A South Korean tech giant wants to put ads on chain. LG Electronics, which makes TVs, laptops, and a slew of other consumer devices, is building out a blockchain-based network designed for advertising, the company told Fortune. The firm has its own dedicated blockchain research lab and piloted the project with an unnamed Japanese ad agency.
The new platform provides advertisers and publishers with a shared database of ad inventory and records how customers have interacted with the advertisements. LG Electronics worked with Arbitrum, a so-called layer-2 protocol on top of Ethereum, to develop its own blockchain. The collaboration resulted in LG building its own layer-2 network, which provides a low-cost means of batching transactions. The company will explore how to bring the ad platform to market later this year.
“We are evaluating whether this approach can deliver meaningful value to advertisers, publishers and audiences,” Samuel Byungsun Park, leader of LG Electronics’ blockchain research department, said in a statement.
Arbitrum’s cofounder, Steven Goldfeder, added that the new ad platform can help make the process of selling advertisements more efficient. “It means that you can basically run the market in an automated way in software,” he said. “You don’t need manual interventions.”
Corporate blockchains
Over the past decade, corporations have largely avoided creating their own blockchains. Still, amid a more friendly regulatory environment for crypto in the U.S., big companies have shown a greater willingness to do so. The fintech giant Stripe worked with the venture outfit Paradigm to develop a high-speed blockchain called Tempo. The stablecoin issuer Circle is working on Arc, its own decentralized ledger. And the online brokerage Robinhood is working with Arbitrum to launch its own chain for tokenized equities, or stocks in blockchain wrappers.
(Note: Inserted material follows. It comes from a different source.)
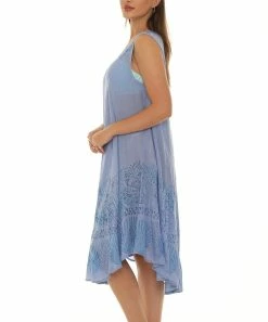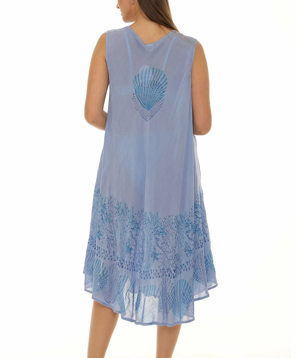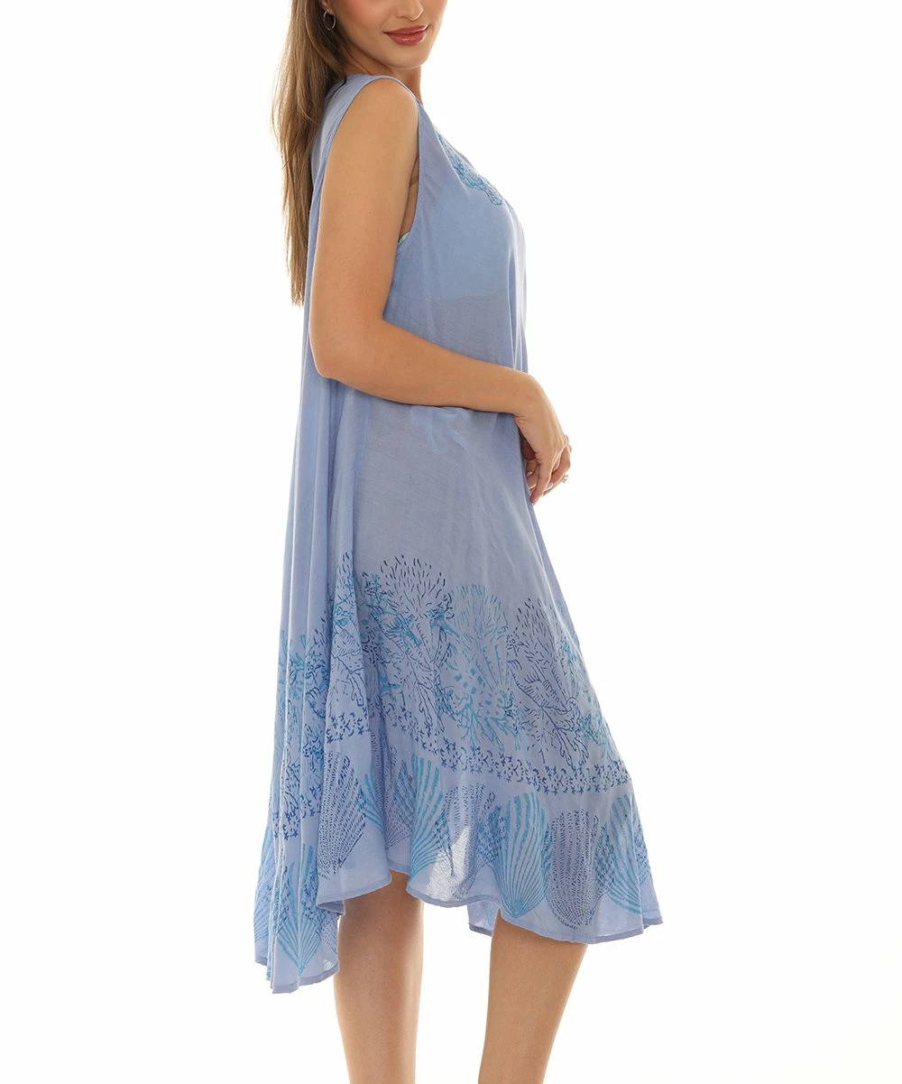 Flowy sleeveless dress with a beach-inspired design and lightweight fabric.
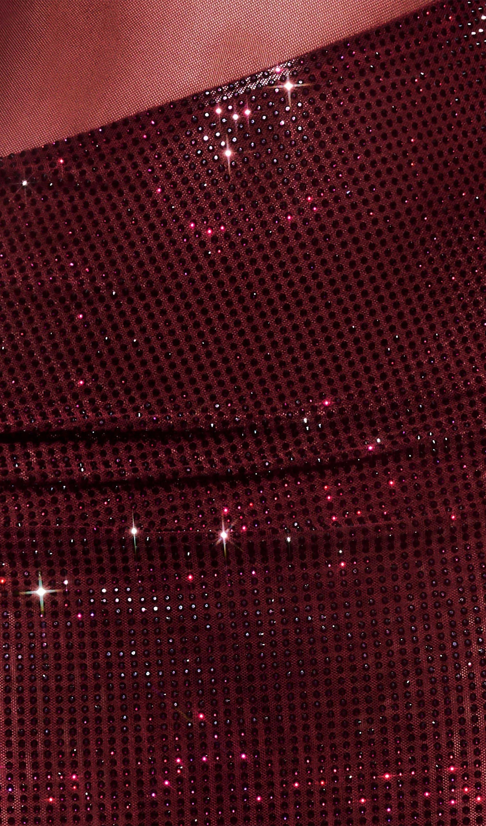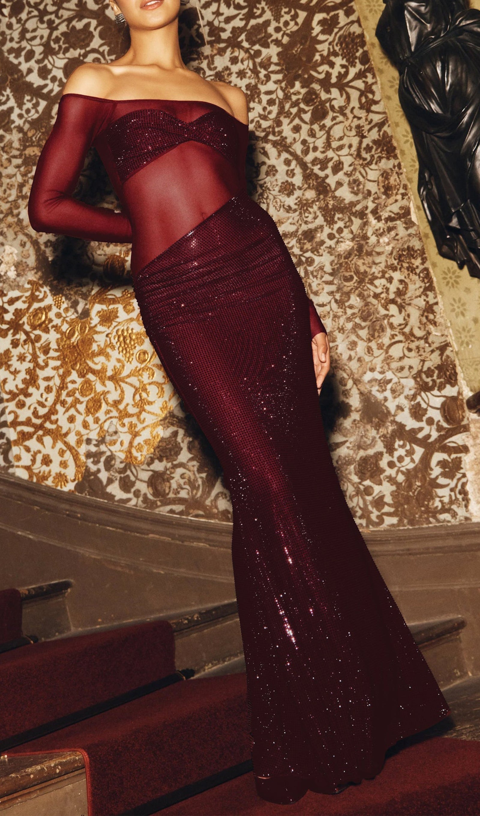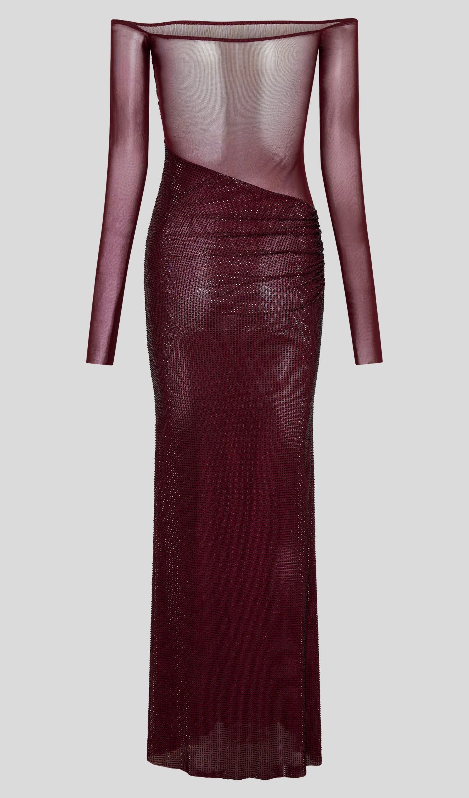 Diamante Kapalı Omuz Maksi Elbise - Kırmızı

The strategy comes as corporations like Stripe try to own every layer of the crypto tech stack—from the blockchains that support applications to the applications themselves. Even JPMorgan Chase has its own blockchain unit that uses its own private version of a decentralized database.
Still, that doesn’t mean every Fortune 500 company should create its own ledger. “I am very opinionated when someone asks me, ‘Should I launch a blockchain?’” said Goldfeder. “For many people, the answer is yes, but probably for most people, the answer is no.”